Официантка посерьезнела и заговорила шепотом:

— Одна девочка из Ковингтона убежала из дома. Знакомая моей двоюродной сестры. Она добралась до этого места, а больше никуда не пришла. Тетя говорила, что ее забрал отчим, но моя сестра сказала: это только чтобы не перепугать нас всех.

— Одна из страшилок, — сказал я, но почувствовав себя неловко, будто мальчишка во мне пригрозил вырваться наружу. — Знаешь, так знакомый знакомого рассказывает про дохлую собаку в хозяйственной сумке, которую украли панки, или про крюк в багажнике.

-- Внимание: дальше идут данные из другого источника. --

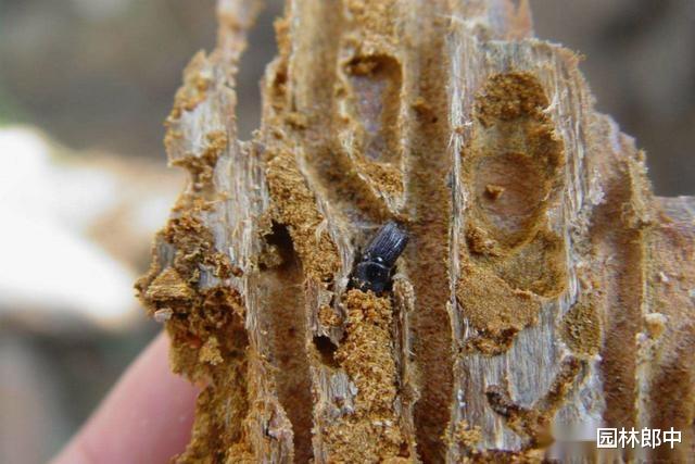 图为在主干上发现的小蠹虫的成虫
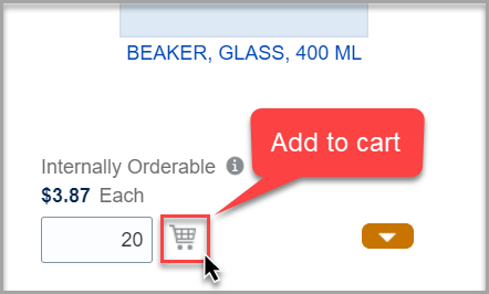 1. After locating the desired item(s) in the hosted or punchout catalog, click the Add to Cart button to add the item(s) to your Aggie Enterprise shopping cart.  Repeat the process above to add multiple items to your cart, or click on the shopping cart button to complete the cart checkout process.

— Что такое крюк в багажнике? — спросил Томми.

— Рыболовный крючок, — сказал я, чтобы его успокоить. Энни говорила мне, что ему иногда снятся кошмары, и я не хотел давать им новую пищу.

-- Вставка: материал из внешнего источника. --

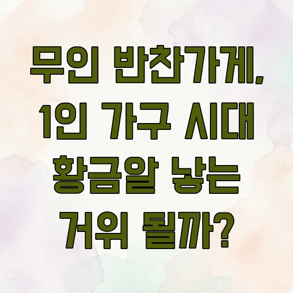 무인 반찬가게는 분명 매력적인 사업 아이템입니다. 하지만 철저한 사전 조사와 준비, 그리고 현실적인 어려움에 대한 대비 없이 뛰어들었다가는 낭패를 볼 수도 있어요. 시장 트렌드를 정확히 읽고, 자신만의 강점을 살려 꾸준히 노력한다면 분명 좋은 결과를 얻을 수 있을 겁니다.

Но девушка все-таки напугала Томми, сказав: «Там, где я росла, поговаривали, что это место — что-то вроде задницы вселенной».


Я оплатил счет и поспешно вывел Томми к «мустангу», потому что в конце концов от ее рассказов у меня мурашки побежали по спине. У Томми наверняка будут новые кошмары — за что меня вознаградят, еще сократив количество выходных, которые мне разрешено с ним проводить.

Но Томми вдруг сказал:

— Я хочу туда поехать.

— Куда?

— К заднице.

— Никогда в жизни больше не говори это слово.

— Хорошо.

— Странноватая такая девчонка, ух.

— Ага, — сказал Томми. — Хотела тебя напугать.

— Я думал — тебя.

Он пожал плечами, до странного взрослый:

— Я не напугался.


Я не хотел непременно попасть на узловую Вайдал, но мы все-таки наткнулись на нее благодаря моим выдающимся успехам за рулем — в таком темпе мы доберемся до дома моей матери в Ричмонде не раньше полуночи. Сейчас было только полшестого. Я не сразу узнал узловую. Здесь все изменилось. Знак убрали, а старые бензонасосы остались на месте, но почти утонули в море брошенных диванов, холодильников и рам старых проржавевших драндулетов, растущих вдоль дороги, словно кусты. Само шоссе сузилось до колеи, усыпанной гравием, и я бы легко проехал мимо узловой, не заметив ее, если бы Томми не сказал, что хочет писать. Он не мог подождать; за пять лет отцовства я усвоил, что если мой сын говорит: нужно выйти, — ему это действительно нужно. Я остановился у обочины, вылез из машины вместе с Томми и отправил его пописать за один из диванов. Я стоял рядом, не потому что боялся апокрифического пророчества официантки, нет, — меня беспокоили мокасиновые змеи и извращенцы. Я оглядел узловую и заметил, что девушка в кофейне соврала: железнодорожных путей в поле зрения было предостаточно.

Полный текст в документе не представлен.